I'm currently in the process of implementing Mayan to replace our current Document Management System(FileBound).
Our setup currently consists 14 document types, 64 metadata types, 16 indexes and over 66,000 files currently loaded.
Reindexing this system is... somewhat slow to say the least.
I let it crunch away for a good 16 hours, and got about halfway through.
Obviously, this isn't good enough - Indexing might be slow, but it shouldn't be /this/ slow.
With a few mods, I've sped this up by at least 8x(figure around 4 hours for a full rebuild... Acceptable).
What I did was:
1. Instead of indexing by document, then index, I'm indexing by index, then document. This allows for a single index to be rebuilt at a time, vs multiple being 'filled in' at once.
2. Modify the delete section to only delete the current index as it's being worked on. This allows you to keep using the other indexes during the rebuild process.
3. removed the 'with transaction.atomic():' line in the indexer. I'm sure this makes it 'less safe' if something were to fail, but I figure that if something fails a reindex is needed anyway.

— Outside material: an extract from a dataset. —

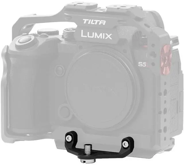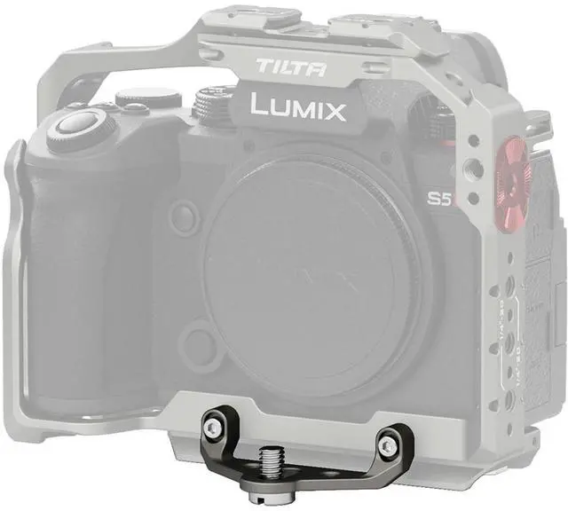 The Lens Adapter Support for Panasonic Lumix S5 II/IIX Cage is a precision-engineered accessory designed to enhance the stability and performance of your camera setup. By seamlessly connecting to the front of the Camera Cage specifically tailored for the Panasonic S5 II/IIX, this robust bracket offers a sturdy platform for various Lens Mount Adapters, securing them firmly in place with a reliable 1/4"-20 screw. Crafted to provide an extra point of contact, this support significantly reduces the risk of lens shifting, particularly when using a follow focus system during intensive shooting sessions. By mitigating movement, it ensures that your captured images remain sharp and consistent, while also alleviating undue stress on the camera's lens mount, thus protecting the integrity of your equipment over time.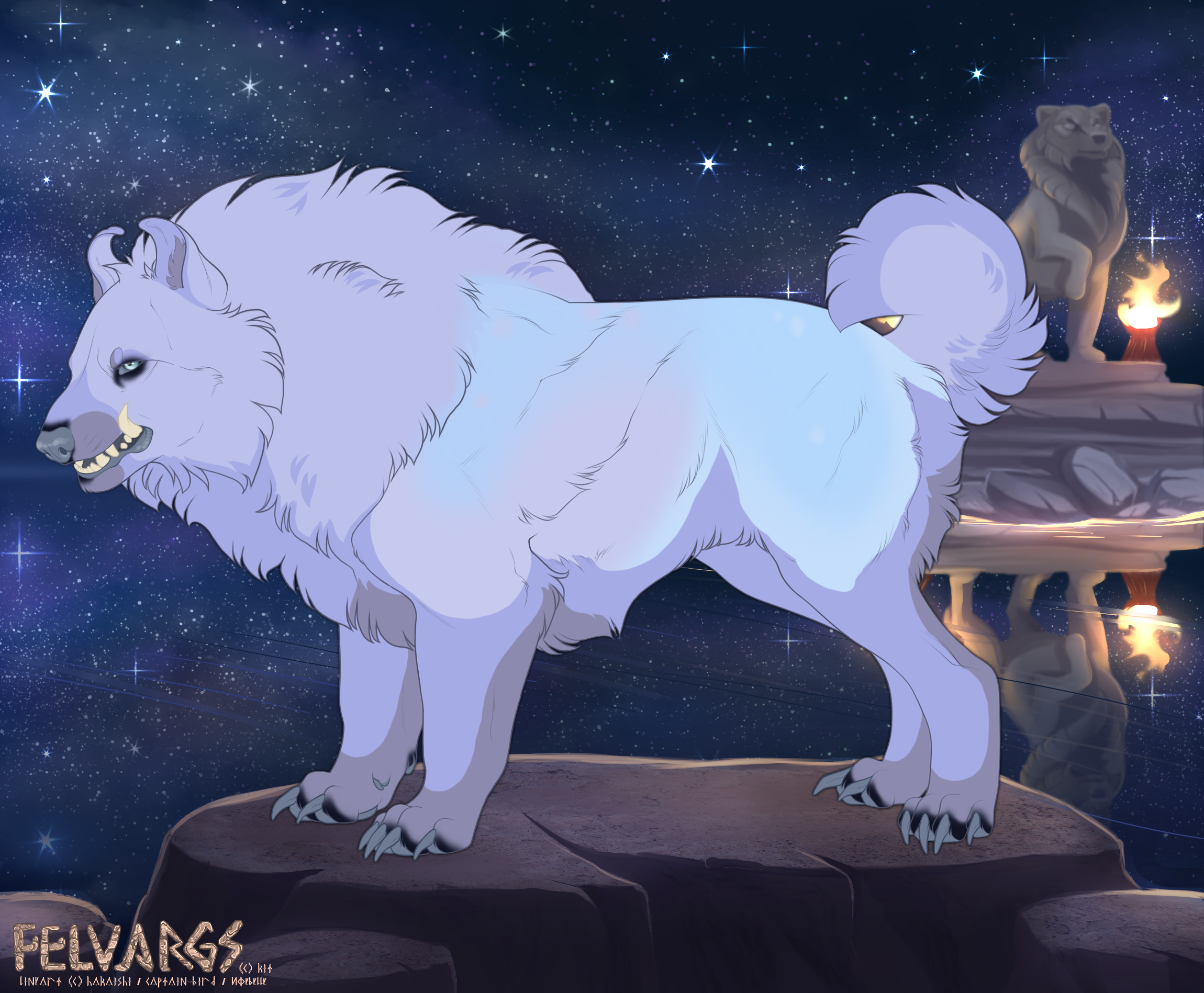 A hellhound plagued rumors of vampiracy, kidnapping, occult... he remains solitary with the knowledge he will never be trusted, every encounter just a misunderstanding between fearful felvargs and a "half-breed" like him. Yohio, contrary to popular belief, will not suck blood nor will he kidnap your mates and pups to feed an insatiable hunger or sacrifice them to an ancient diety; though he does possess powers of unusual nature brought upon him at puphood: Everything he touches turns ice cold?

(By splitting the index rebuild from the single-file-indexer, I can leave that atomic transaction line for a single file, where it makes sense). This change easily doubled the speed, if not quadrupled it.
My final code:
mayan/apps/document_indexing/managers.py:
def rebuild_all_indexes(self):
from .models import Index
for index in Index.objects.filter(enabled=True):
print 'indexing',index
#Delete nodes applicable to index
print 'deleting nodes'
for instance_node in self.filter(id=index.id):
instance_node.delete()
#Delete empty nodes
self.delete_empty_index_nodes()
print 'adding index node'
#Add index node
root_instance, created = self.get_or_create(
index_template_node=index.template_root, parent=None
)
print 'indexing documents...'
docsIndexed = 0
#Reindex each document
for document in Document.objects.filter(document_type=index.document_types.all()):
#Add index nodes?
for template_node in index.template_root.get_children():
self.cascade_eval(document, template_node, root_instance)
docsIndexed += 1
if docsIndexed % 10 == 0:
print 'indexing document',document,docsIndexed,'completed'
All of the 'print' lines could be removed, but are very handy when watching it run from run-server/devel mode.
Anyone got any other improvement ideas or potential pitfalls that this could cause?